Salt taste sensitivity, defined as the capacity for an individual to identify the flavor of salt, is a characteristic measured by two thresholds: detection and recognition. Detection is the minimum amount of a taste stimulus that a subject can detect; recognition is the minimum amount of a taste stimulus that can be identified as a particular taste (i.e. salty versus sweet). Although these thresholds depend on extrinsic conditions such as salivary sodium concentration and mucous membrane dryness, they have been validated in determining differences between individuals in the lower limits of taste and the amounts of a given stimulus needed to identify a particular taste. In a study comparing patients with HTN to those without, for example, detection thresholds were unchanged but recognition thresholds were higher among those with HTN; the investigators concluded that “hypertensives may eat more salt because they cannot taste it as well as can normotensive individuals.”39

Measurement of salt taste sensitivity also includes an assessment of stimuli that are above threshold levels, or suprathreshold sensitivity.42 Suprathreshold sensitivity can be thought of as level of saltiness, and is measured using scales in which an individual ranks a particular stimulus in proportion to a comparison stimulus (i.e. 7/10 salty compared to 3/10 salty). This adds significant information to the evaluation of taste, particularly because evaluation of taste above sensitivity thresholds more closely resemble actual diets that tend to have suprathreshold amounts of salt.43 Although initial studies failed to show differences in suprathreshold salt taste sensitivity according to baseline HTN states, this taste characteristic has proved to be the basis for the hedonic shift in work that will be described further—where levels of saltiness (suprathreshold sensitivity) change in proportion to baseline salt intake.
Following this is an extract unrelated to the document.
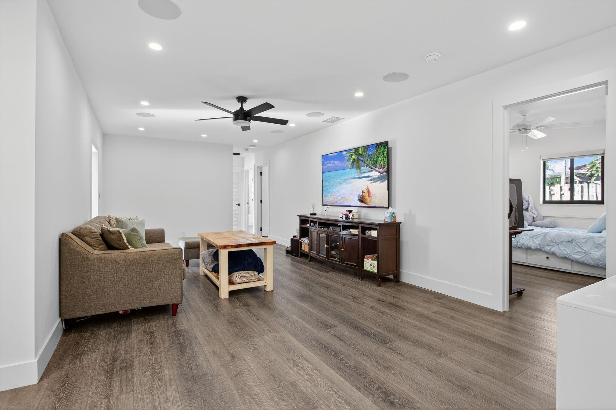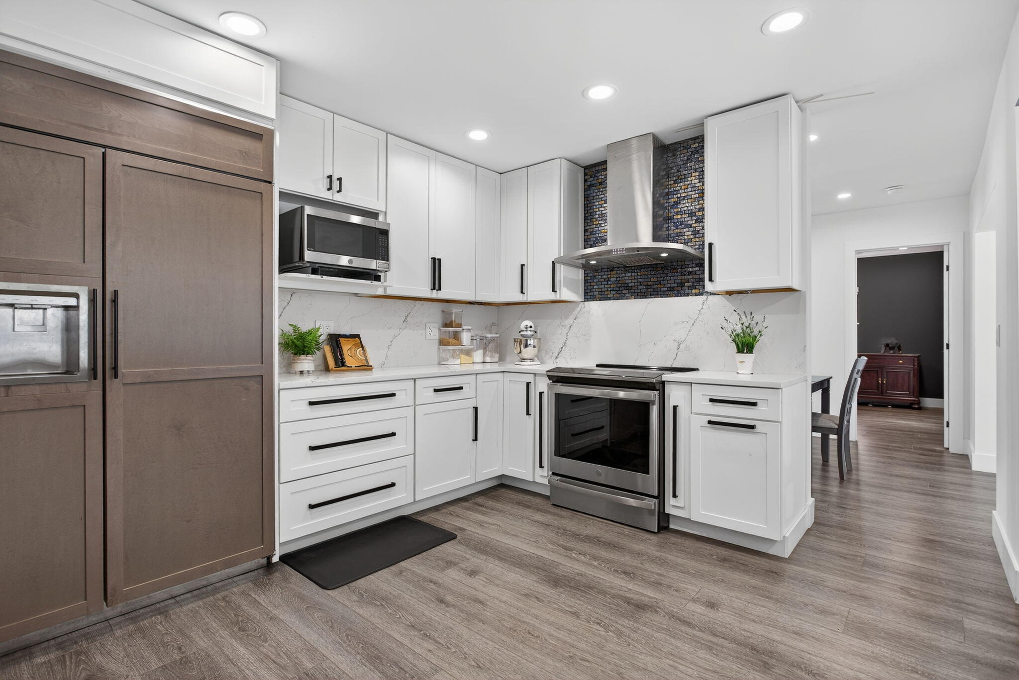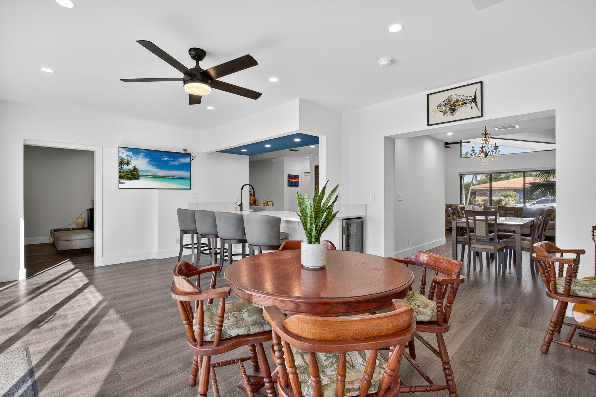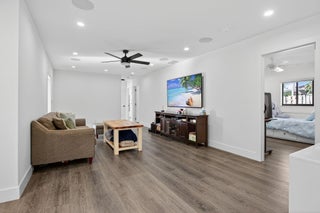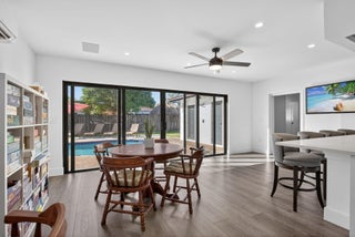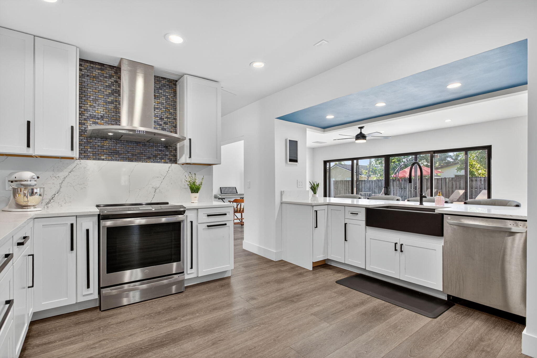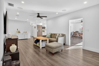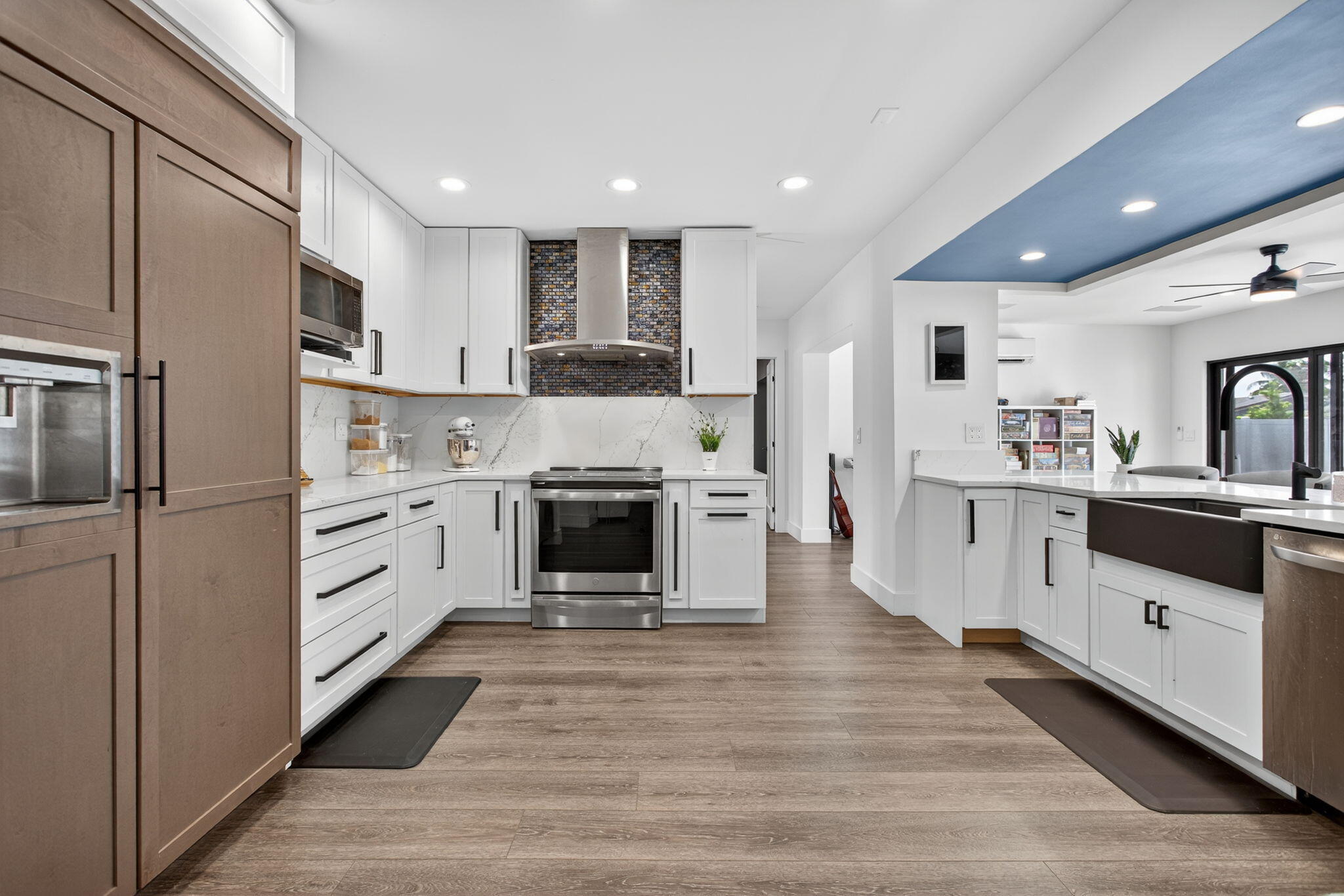 Remodeled and expanded with a modern flair, this house blends style and smarts! Vaulted ceiling allows light to fill the home, showcasing new luxury plank vinyl flooring throughout, solid wood doors & level 5 smooth walls. Large central kitchen features new cabinetry, quartz countertops, new SS appliances, counter seating. Huge primary suite has a sitting room, its own AC, 2 custom closets, shower w/dual-temp shower heads. Full storm protection w/impact glass windows, hurricane rated garage door. Control 4 smart system enables app-controlled TVs, speakers & whole-home audio,70+ dimmable recessed lights, mechanical window blinds. Fortified roof is energy-efficient with closed-cell foam insulation. Full upgrade of electrical service including panel. No HOA, all work permitted.

In contrast to salt taste sensitivity, which has specific and quantifiable features, salt preference represents an individual’s general inclination toward one taste over another. While salt preference is the most accessible salt taste characteristic, and thus readily measured, it is difficult to interpret owing to its multiple contributors. Salt preference may be comprised of a food’s intrinsic qualities including taste, smell, texture, temperature and color, as well as extraneous qualities such as subject’s physical and mental states, dietary history, and genetics.44 Salt preference is measured either by ranking one’s attitude toward a particular stimulus or by indicating how frequently one would like to consume it—the distinction is important because an individual might enjoy an item without wanting to consume it regularly.42 Salt preference has been studied extensively; for example, when patients were offered bottles of either water or saline, hypertensive patients consumed almost 3 times more saline than normotensive patients.45

The last characteristic of salt taste is appetite, defined as the drive to consume salt. Analogous to preference, salt appetite is a complex characteristic that relates to both intrinsic and extrinsic mechanisms, many of which are thought to be biobehavioral in origin and related to development, conditioning, habit, and dietary culture.46 Salt appetite is measured by quantifying salt consumption in an unrestricted population. Several studies have shown that normotensive and hypertensive individuals consumed a similar quantity of salt at baseline. However, when treated with diuretic therapy that results in net sodium loss, HTN patients developed higher salt appetites and ingested higher quantities of salt than non-HTN controls. This suggests that sodium deplete states produce a drive to consume salt which is greater in HTN than controls.42

These observations regarding the salt taste characteristics of sensitivity, preference, and appetite allowed for a formalized approach to examining the relationship between salt taste and CV disease. What followed were a series of studies that refined the concept of the hedonic shift and led to greater insight into its underlying mechanism as well as its potential for use as a therapeutic approach.

Sodium Restriction

An individual’s baseline level of sodium ingestion significantly affects subsequent salt affinity. In subjects with various baseline intake of sodium, for example, those with low sodium intake added less salt to salt-free tomato juice compared with higher sodium intake individuals, suggesting that low-sodium diets reduced affinity for salt.47 Sensitivity to salt taste and preferences for various salt levels are similarly dependent on high versus low levels of salt intake. In one study of 31 subjects, salt taste sensitivity was measured using a 7-category rating scale for intensity of saltiness with 5 concentrations of salt in water, bread and mashed potato. Salt preference was assessed using a 9-category hedonic rating scale with the bread and mashed potato to determine the preferred concentration, and total sodium intake was estimated using urinary sodium excretion over 7 days. Subjects with higher levels of total sodium intake had corresponding higher threshold sensitivity to salt taste and higher salt preferences.48

Yet the breakthrough work came when investigators administered low sodium diets to subjects for prolonged periods of time and studied the effects on their subsequent diets. When 56 young adults (mean age 37 years) were given low-sodium or control diets over 1 year, sodium reduction yielded a preference toward less salt, with significantly lower salt preferences obtained at 3 months (the earliest interval measured).49 Similarly, when 11 subjects were sodium restricted for 9 weeks but given free access to the use of pre-weighed saltshakers throughout the study period, subjects compensated (by increasing saltshaker use) only slightly (~20%) based on the level of reduction of dietary sodium; no changes in salt taste were reported.50 Finally, in a study of subjects placed on self-maintained, low-sodium diets for 5 months, perceived taste responses to salt (measured using 3 types of taste tests in which salt concentration of solutions, soups, and crackers were varied and presented 6 times in irregular order with measurement of intensity and pleasantness using a 9-point category rating scale) were all increased after sodium restriction when compared to controls.51 Although small numbers, healthy populations, and inconsistent methodologies limited these and other studies, the message was clear: reducing sodium intake can lower subsequent salt affinity.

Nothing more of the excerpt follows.